Hot Chocolate & Drinking Chocolate, a Seasonal Favorite
We’ve been drinking a lot of chocolate lately. When I mean a lot I mean pounds.
Not only is it a favorite creation in the house, we’ve been trying to figure out a blend of chocolate and spices that would be a fantastic Winter time delight.
What makes a good drinking chocolate? Why not use just cocoa? How hard can a blend be? Let’s see if we can’t explore this a little and as always we’d love your input into what you find a favorite homemade chocolate concoction.
It begins with chocolate desire…
As the temperatures dip and a fire becomes regular something is missing whether it’s gooey smores or a warm beverage between your hands. We were probably nibbling on some left over truffles when it struck us to use the couverture chocolate we use everyday to make some hot chocolate.
The Chocolate Research Begins
Any quick study of the landscape of hot chocolate beverages will land you in a flurry of camps of thoughts. Use cocoa and reintroduce the fats, a lot of sugar, and some vigorous blending until reintegrated. Sounds fun? The other camp uses a variety of couverture chocolates melted into water or milk and add a bit of sugar.
We tried a few combinations of each, and even a few in the middle, and found our favorites on just the chocolate palatability to be in the solid chocolate camp. Like our truffles why should we add filler when you don’t need to? I posted our recipe from last year on Quora: What is a good recipe for hot cocoa or hot chocolate.
A few points to think on.
- Cocoa powder adds richness and intensity but not much flavor.

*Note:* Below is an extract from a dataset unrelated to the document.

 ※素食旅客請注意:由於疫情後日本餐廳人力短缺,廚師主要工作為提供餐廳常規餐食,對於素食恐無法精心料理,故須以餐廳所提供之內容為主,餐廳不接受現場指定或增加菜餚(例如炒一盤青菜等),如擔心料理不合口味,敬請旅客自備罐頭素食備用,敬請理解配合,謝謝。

- Chocolate adds body, definition, and character–make sure you pick something you like to eat.
- Bittersweet will be too bitter.
- 60-70% chocolate is a great place to be.

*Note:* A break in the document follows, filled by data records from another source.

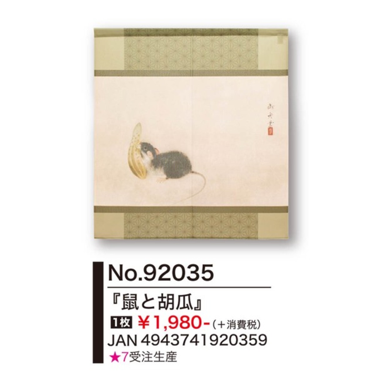 ☆のれん「速水御舟_鼠と胡瓜」 約幅 85cm × 丈 120cm 1点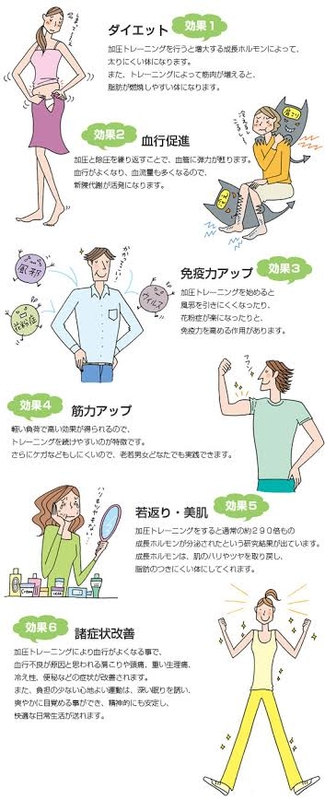 加圧トレーニングの効果を画像で載せました。老若男女に効果的ですが特に女性やシニアの方におすすめです。理由は少ない負荷で効率よく筋力アップできるからです。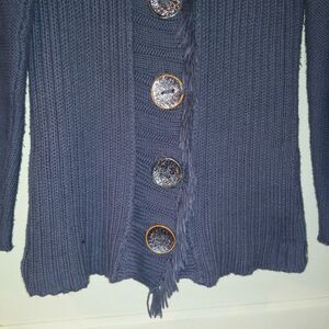 Anthropologie Pure Handknit Size S/M Ribbed Knit Cardigan-Metal Buttons-Fringe

- Liquids, the carriers of everything. Your choice here will be instrumental in your final product.
- Water adds no character and will create a rather thin product. Might also require a corn starch to thicken to your liking.

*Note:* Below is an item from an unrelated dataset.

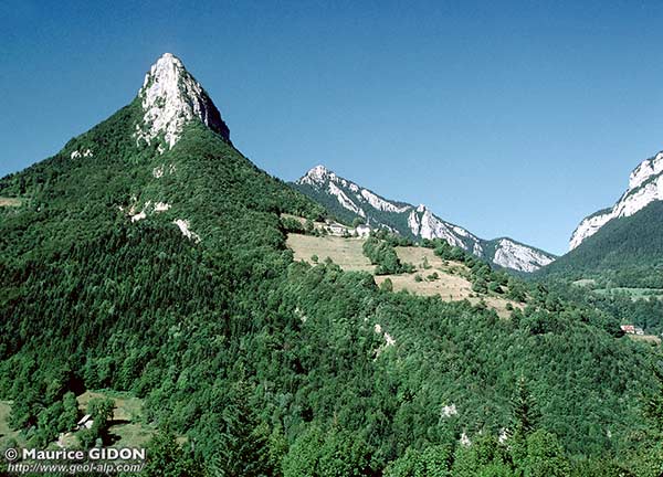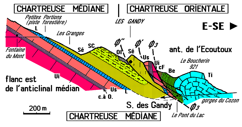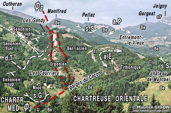 Les gorges du Cozon, au nord de Saint-Pierre-d'Entremont donnent un exemple assez schématique de cette géométrie. Ces gorges traversent le coeur, formé de Tithonique, du pli-faille frontal du chevauchement de la Chartreuse orientale (photo ci-après).

- Heavy cream is great in an espresso cup but not for really a long draught.
- Milk (2% or whole) is a great carrier but if your lactose intolerant..
- Almond milk, good body and carrier, little nutty taste can balance wonderfully with cacao.
- Soy, similar consistency to almond milk or 2% but the aftertaste was off-putting.
- Coconut milk/cream, lush and deep–will almost remind one of heavy cream. The flavor while nice will override subtle infusions you might try. Great for an almond joy drinking chocolate.
The Shop, The Audience
Now we have a shop and we’re no longer toting machines to markets. At our inception we wanted to do something large, like we always do. Our thoughts lingered on picking from any of our available ganaches and making that into a drinking chocolate. The logistics of that kind of idea though really weighed down getting the product out. We’re not setup like a cafe so in trials it created a lot of lag from order to delivery. We don’t want that. We want something that is good, but still convenient.
We thought some more. Who loves their drinking chocolate, what are their dietary requirements, what kind of drinking chocolate do we make, and many more.
What we came up with was something that should appease most camps and let us get this fantastic treat out.
Drinking Chocolate is Seriously Good,
and it’s Vegan Friendly
Seriously. All we are using now is 60% TCHO chocolate (the base of most of our ganaches), cocoa powder, and almond milk.
It is phenomenal.
No extra sugar. No thickeners Just a lot of chocolate, good chocolate, that thickens and coats a spoon well.
We’ll be rolling this out soon as the air is already growing chilly here in the Carolinas. This year we’re going to keep it simple since we’re still feeling it out. We plan on offering an infused version of drinking chocolate on a weekly or bi-monthly rotation.